The get_llm() factory uses lazy imports so you only need the package for the provider you use. Set LLM_PROVIDER and LLM_MODEL in your .env file to switch between providers.

4.2 MCP Tools

Five @tool-decorated functions wrap CData Connect AI's MCP endpoint. A shared requests.Session handles authentication:


import base64
import json
import requests
from langchain_core.tools import tool
from config import CDATA_EMAIL, CDATA_PAT, MCP_ENDPOINT, CDATA_CATALOG

# Shared session with Basic Auth
_session = requests.Session()
_credentials = f"{CDATA_EMAIL}:{CDATA_PAT}"
_encoded = base64.b64encode(_credentials.encode()).decode()
_session.headers.update({
    "Authorization": f"Basic {_encoded}",
    "Content-Type": "application/json",
    "Accept": "application/json, text/event-stream",
})

def _call_mcp(method, params):
    """Send a JSON-RPC 2.0 request to the MCP endpoint."""
    payload = {"jsonrpc": "2.0", "id": 1, "method": method, "params": params}
    resp = _session.post(MCP_ENDPOINT, json=payload, timeout=60, stream=True)
    # Parse SSE response (data: {...})
    for line in resp.text.split("
"):
        if line.startswith("data: "):
            return json.loads(line[6:]).get("result", {})

@tool
def get_catalogs() -> str:
    """List all available data source connections (catalogs)."""
    if CDATA_CATALOG:
        return f"Available catalogs:
- {CDATA_CATALOG}"
    result = _call_mcp("tools/call", {"name": "getCatalogs", "arguments": {}})
    return _extract_text(result)

@tool
def get_tables(catalog_name: str, schema_name: str) -> str:
    """List tables in a catalog and schema."""
    result = _call_mcp("tools/call", {
        "name": "getTables",
        "arguments": {"catalogName": catalog_name, "schemaName": schema_name}
    })
    return _extract_text(result)

@tool
def query_data(sql_query: str) -> str:
    """Execute a SQL SELECT query.

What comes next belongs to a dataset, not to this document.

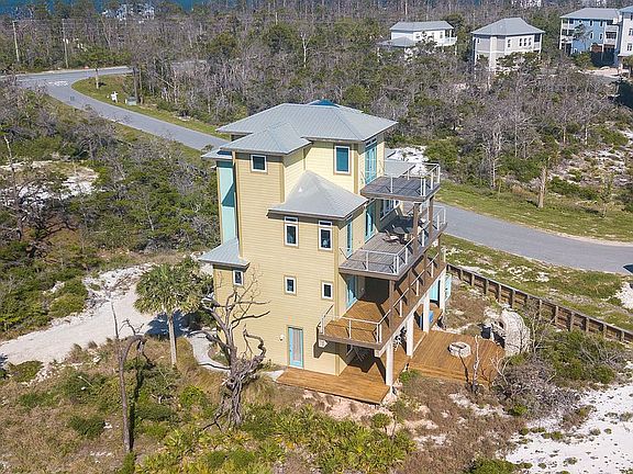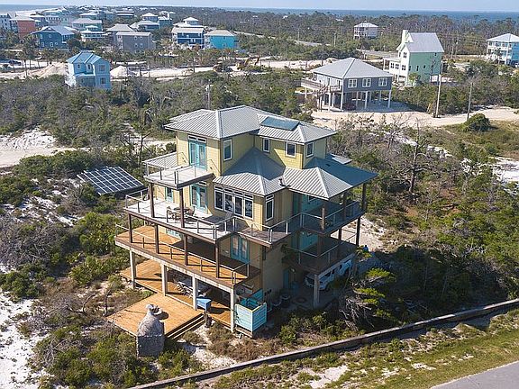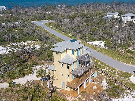 Exquisite custom built masterpiece on North Cape San Blas with Gulf views from every level! By far, one of the finest homes built on all of CSB. LEED gold certified, Solar powered with 5 kw battery backup for power bills under $100.00/month. Materials have been brought in from all over the globe. Brazilian flooring, decking, handmade copper tubs, sinks from Mexico, artisan oyster shell and recycled glass countertops complement the cultivated palm cabinetry, commercial stainless appliances, huge butlers pantry with 150+ bottle wine cooler, floor to ceiling glass windows and doors overlooking gulf views, custom sea life stair railings, spectacular master suite with handmade copper soaking tub, heated tile floors, bidet, dual vanity sinks, elevator, outdoor authentic European style pizza oven and fire pit, 4 bedrooms, with additional office/library and hobby room, workshop, garage, wrap around covered porches with green egg included! Elaborate outdoor entertaining area with shower, fish cleaning station and so much more. This home delivers everything for even the most discriminating buyer. Too many finer details to list. Check out photos. Showings are arranged through property manager. Must have pre-qualification letter or proof of funds to view. Call Kyle Cunningham at 270-839-4699 for additional information and arrange a showing.

Use [Catalog].[Schema].[Table] format."""
    result = _call_mcp("tools/call", {"name": "queryData", "arguments": {"query": sql_query}})
    return _extract_text(result)

The ReAct agent calls these tools autonomously. The CDATA_CATALOG environment variable lets you skip catalog discovery for demos by returning a single known catalog name.

4.3 Schema Cache

The schema_cache.py module caches discovered schema metadata to ~/.cache/langgraph-health/schema.json with a configurable TTL (default 24 hours):


import json, time
from pathlib import Path
from config import SCHEMA_CACHE_TTL

CACHE_FILE = Path.home() / ".cache" / "langgraph-health" / "schema.json"

def is_valid():
    """Check if cache exists and is within TTL."""
    if not CACHE_FILE.exists():
        return False
    return (time.time() - CACHE_FILE.stat().st_mtime) < SCHEMA_CACHE_TTL

def load():
    """Load cached schema data."""
    return json.loads(CACHE_FILE.read_text())

def save(schema_data):
    """Save schema to cache."""
    CACHE_FILE.parent.mkdir(parents=True, exist_ok=True)
    CACHE_FILE.write_text(json.dumps(schema_data, indent=2))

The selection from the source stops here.